▸ YOUR GOAL: Would you repeat word for word the lines of the listing that follows, from the one with "日志内容 | 开发者自定义或框架自动生成的具体日志信息,记录程序运行细节或错误描述 |" up to and including the one with "シャーリングギンガム×スラブ", and leave out the images?

▸ DATA PROVIDED:
______

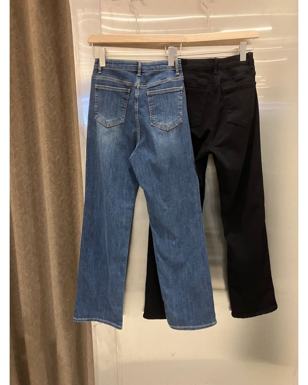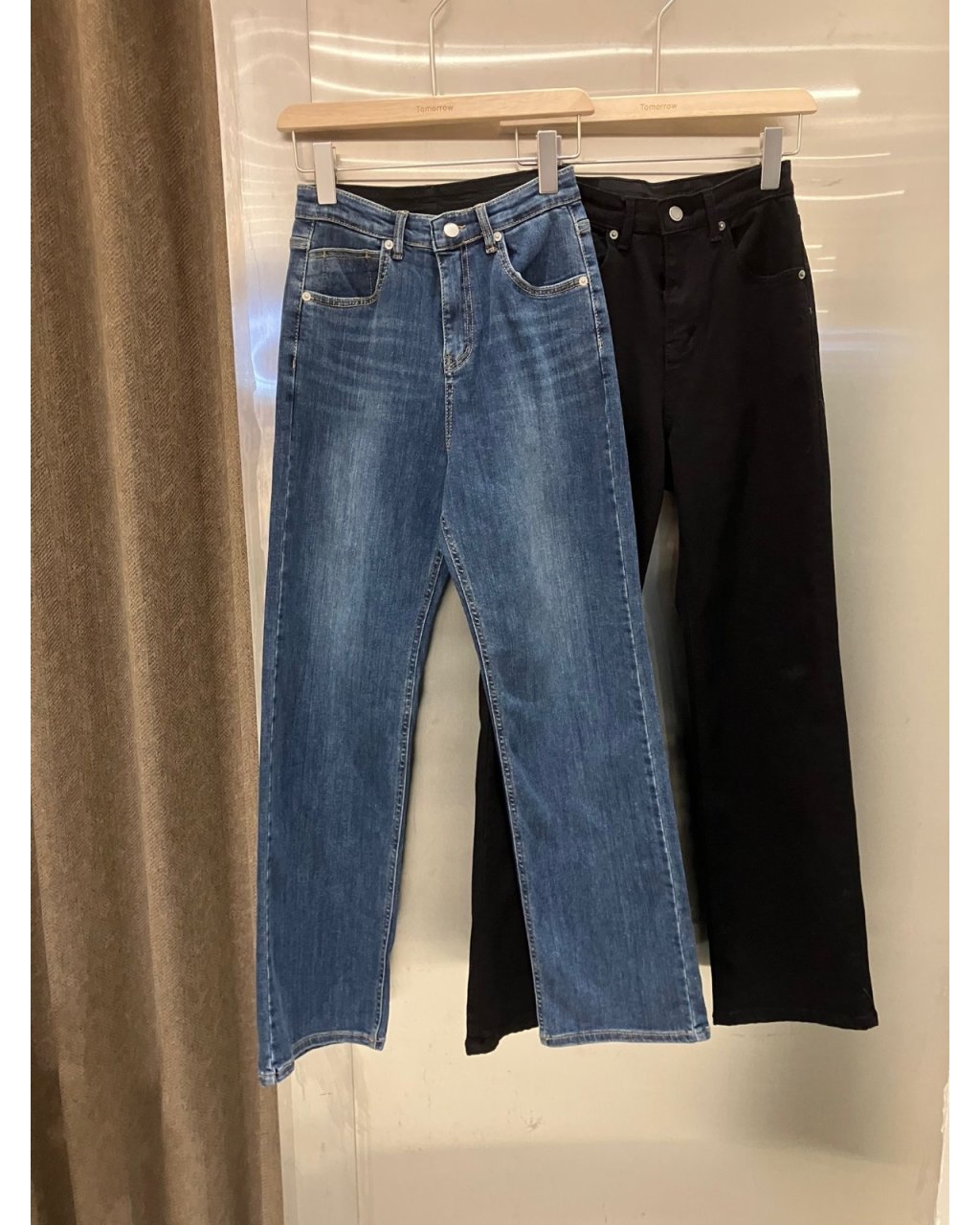 高腰直腳剪裁,藍色帶輕微刷色、黑色簡潔利落,布料有挺度但不會太硬,日常配 TEE、恤衫或 KNIT 都顯腿長。
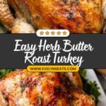 Place the turkey breast-side up in a roasting rack inside a roasting pan, tuck the wings underneath, then brush the outside all over with the softened herb butter. Roast at 325°F for about 13-15 minutes per pound. Halfway through, check on it and, once the skin turns a gorgeous golden brown, tent the turkey with foil to protect the breast meat from drying out. After roasting, rest the turkey for at least 20-30 minutes to let the juices redistribute. This downtime makes carving smoother and the meat juicier—don’t skip it!
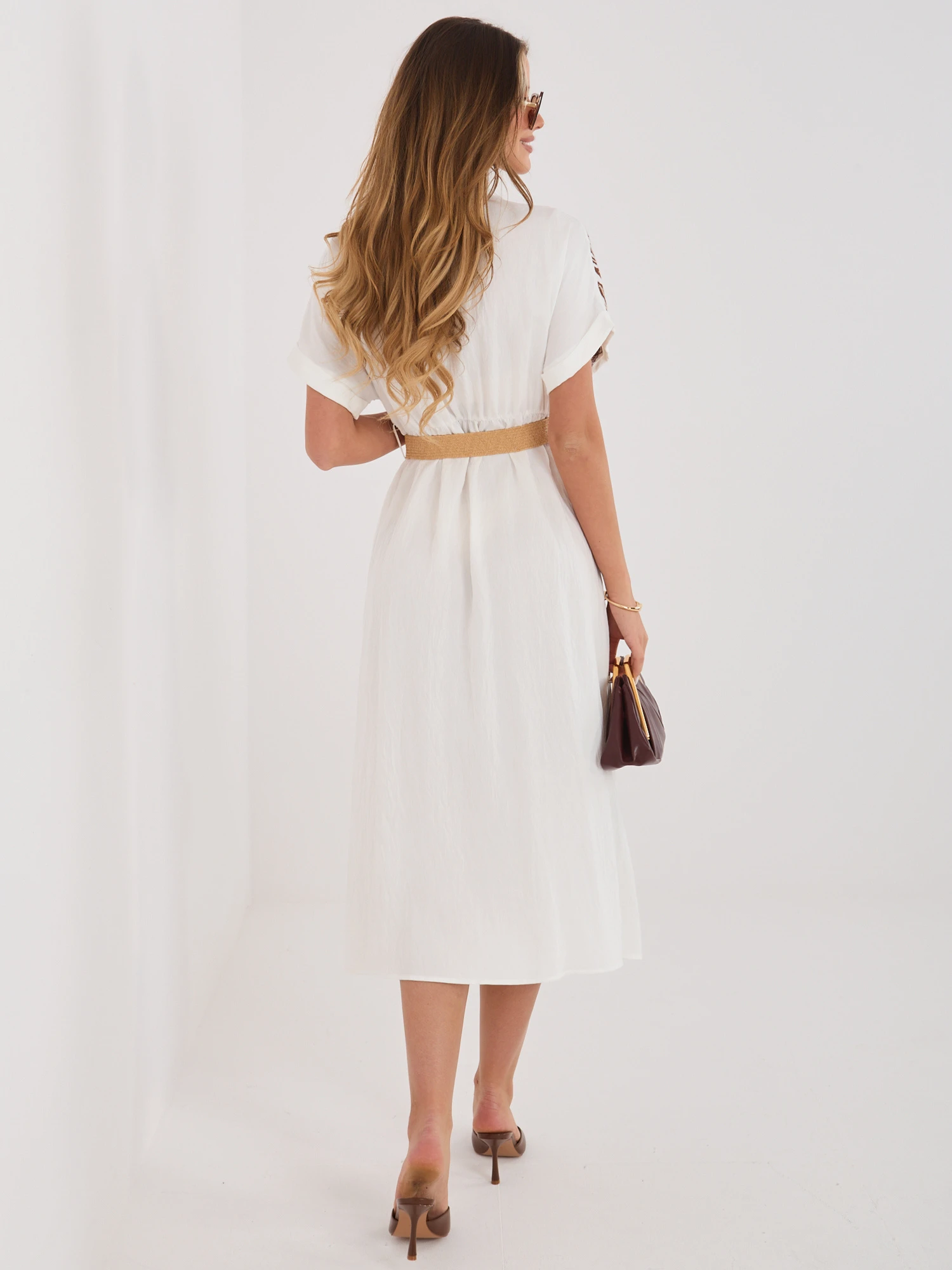 Wyobraź sobie poranek na włoskiej riwierze. Ta sukienka to esencja śródziemnomorskiego szyku, stworzona dla kobiet, które od mody wymagają więcej niż tylko wyglądu. Biel połączona z głębokim brązem egzotycznego wzoru to duet, który natychmiastowo buduje status i elegancję, bez zbędnego wysiłku.
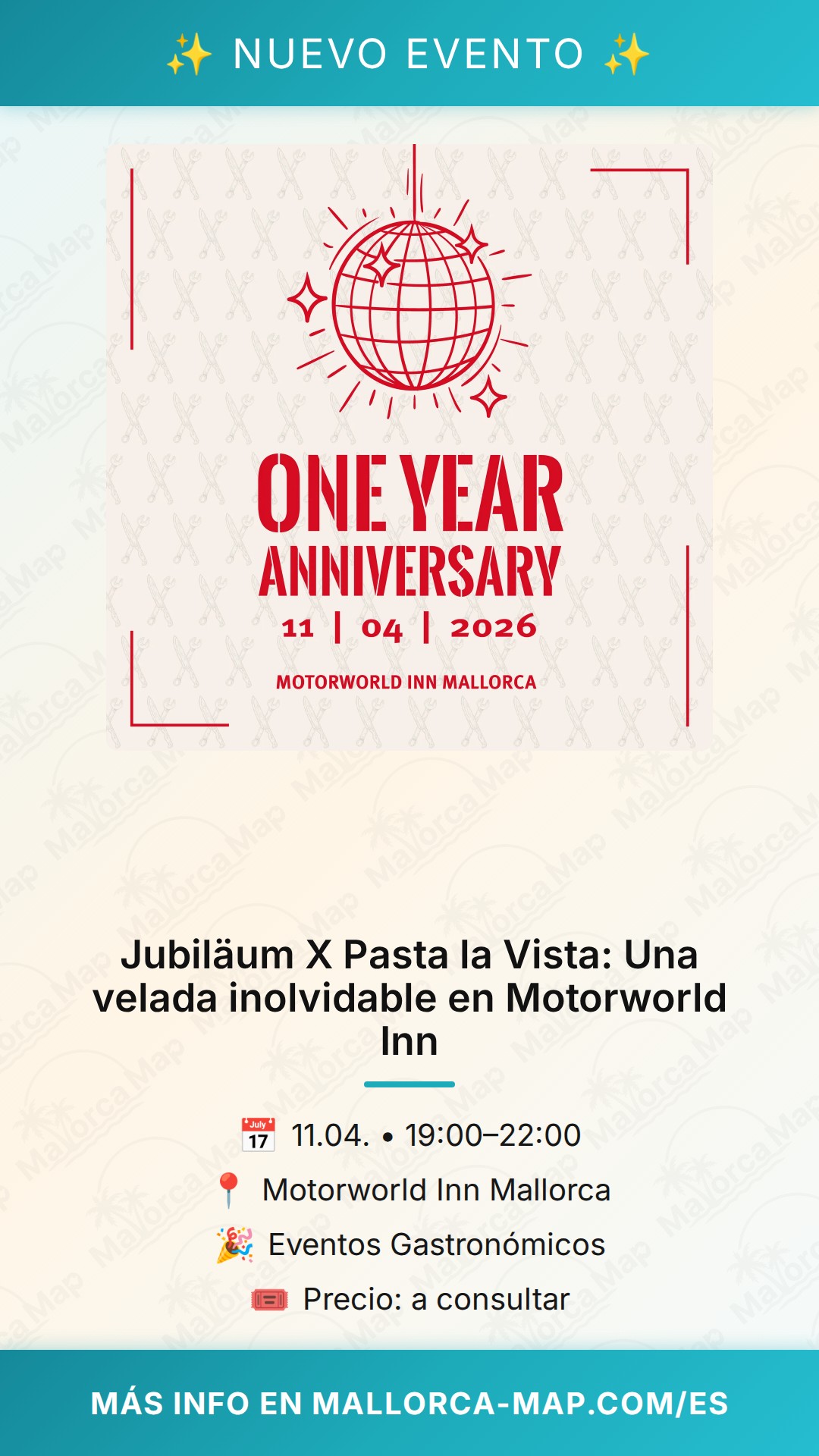 ¡Prepárate para una noche especial! El próximo 11 de abril de 2026, te invitamos a celebrar el Jubiläum X Pasta la Vista en el emblemático Motorworld Inn Mallorca. Si eres amante de la buena comida y buscas un ambiente único donde los motores y la gastronomía se dan la mano, este evento es la cita perfecta para ti.
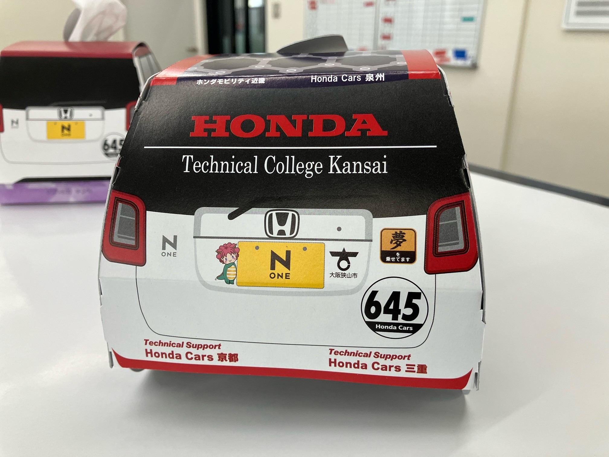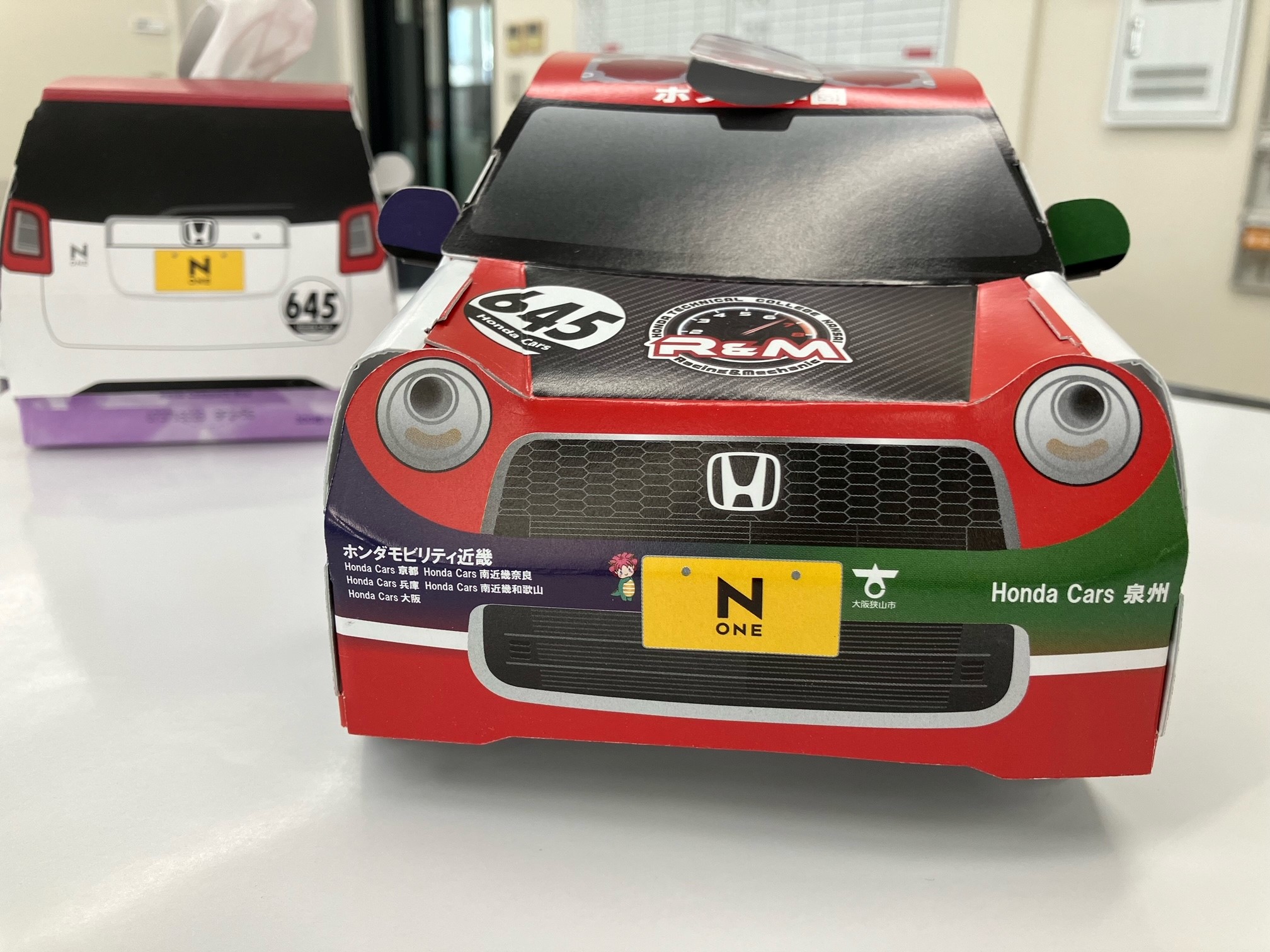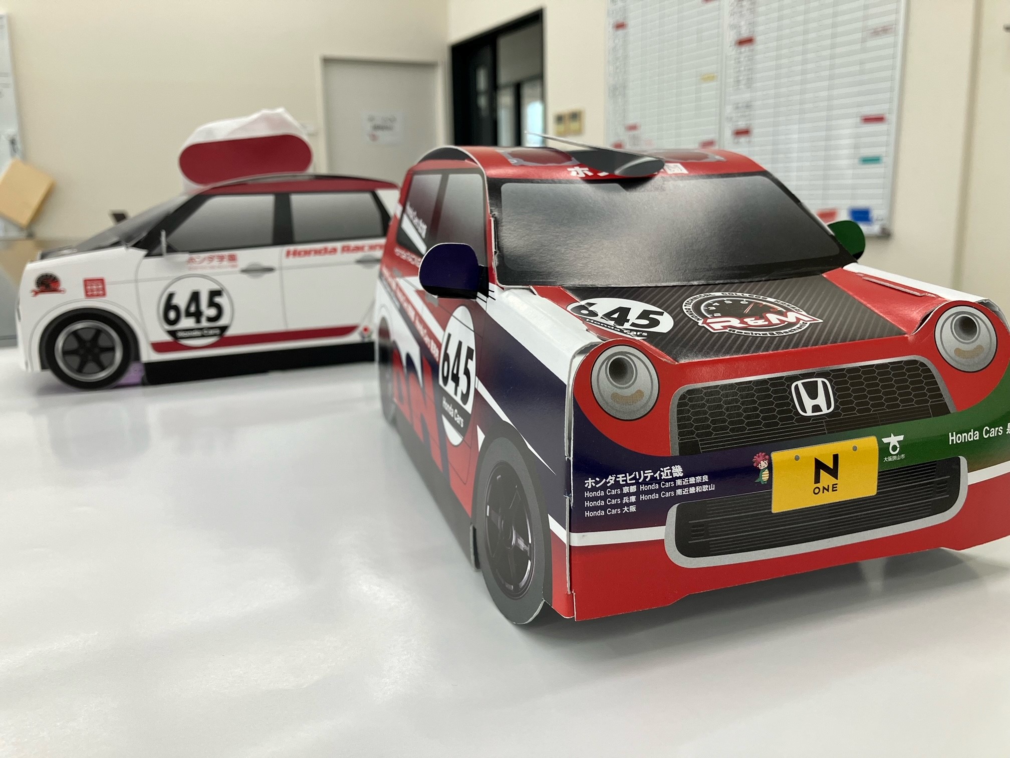 小学生向けの「KIDSメカニック&ものづくり教室」及び外部イベント時に学園ブースでご家族連れ様と一緒に制作している『ティッシュBOXになる車両クラフト』の新作が間もなく完成します。新作クラフトは、2月の大阪オートメッセのHondaブースでお披露目をさせて頂いたN-ONE OWNER‘S CUP※に参戦する学園の同好会専用レース車です。
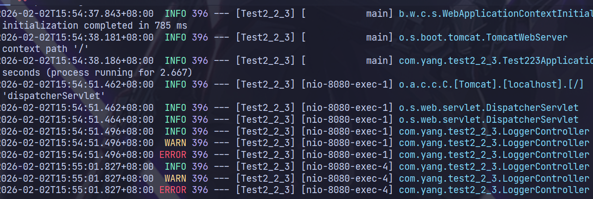 | 6 | 日志内容 | 开发者自定义或框架自动生成的具体日志信息,记录程序运行细节或错误描述 |
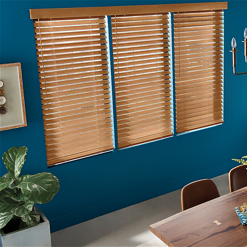 Our faux wood blinds, made from fire-resistant and moisture-resistant PVC, come in solid colors or patterns that mimic real wood grain. They combine the charm of natural wood with the benefits of modern engineering.
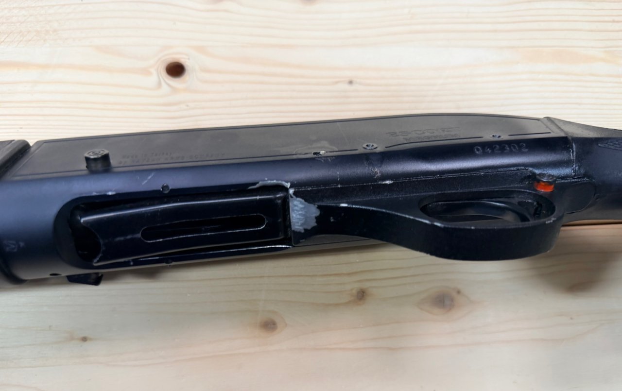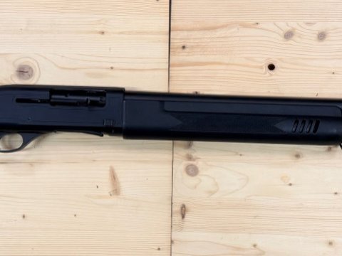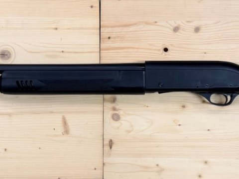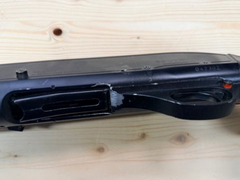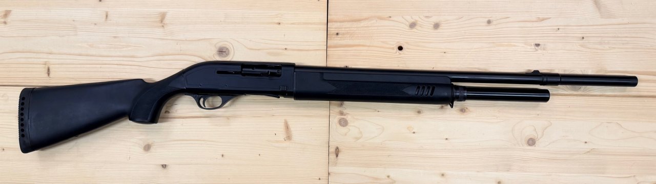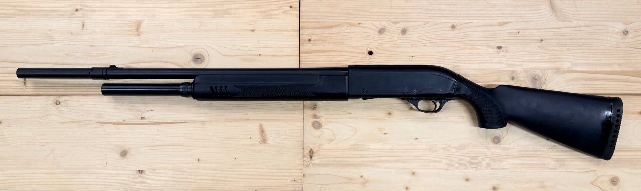 | Samonabíjecí brokovnice ráže 12x76mm s nástavcem zásobníku a prodlouženým, venkovním zahrdlením. Používaná, ale bez výrazného opotřebení. | |
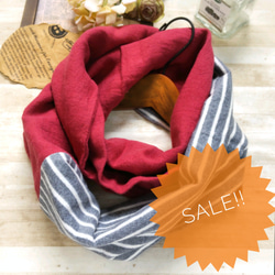 シャーリングギンガム×スラブダブルガーゼ◆パッチワークねじりシングルスヌード(レッド系×ベージュ)
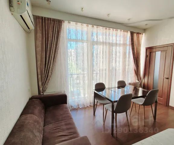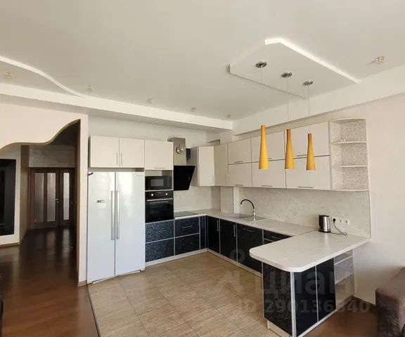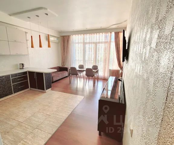 - Кухня-гостиная — кухонный гарнитур (варочная панель, духовка, вытяжка, посудомоечная машина, микроволновая печь, 2-х камерный холодильник, электрочайник, тостер, кофеварка, столовые приборы, посуда для приготовления и сервировки). Диван-кровать 2-х спальный, телевизор LG 55", TV-тумба, обеденный стол со стульями, кондиционер.

______

▸ EXPECTED OUTPUT:
 | 6 | 日志内容 | 开发者自定义或框架自动生成的具体日志信息,记录程序运行细节或错误描述 |
 Our faux wood blinds, made from fire-resistant and moisture-resistant PVC, come in solid colors or patterns that mimic real wood grain. They combine the charm of natural wood with the benefits of modern engineering.
 | Samonabíjecí brokovnice ráže 12x76mm s nástavcem zásobníku a prodlouženým, venkovním zahrdlením. Používaná, ale bez výrazného opotřebení. | |
 シャーリングギンガム×スラブダブルガーゼ◆パッチワークねじりシングルスヌード(レッド系×ベージュ)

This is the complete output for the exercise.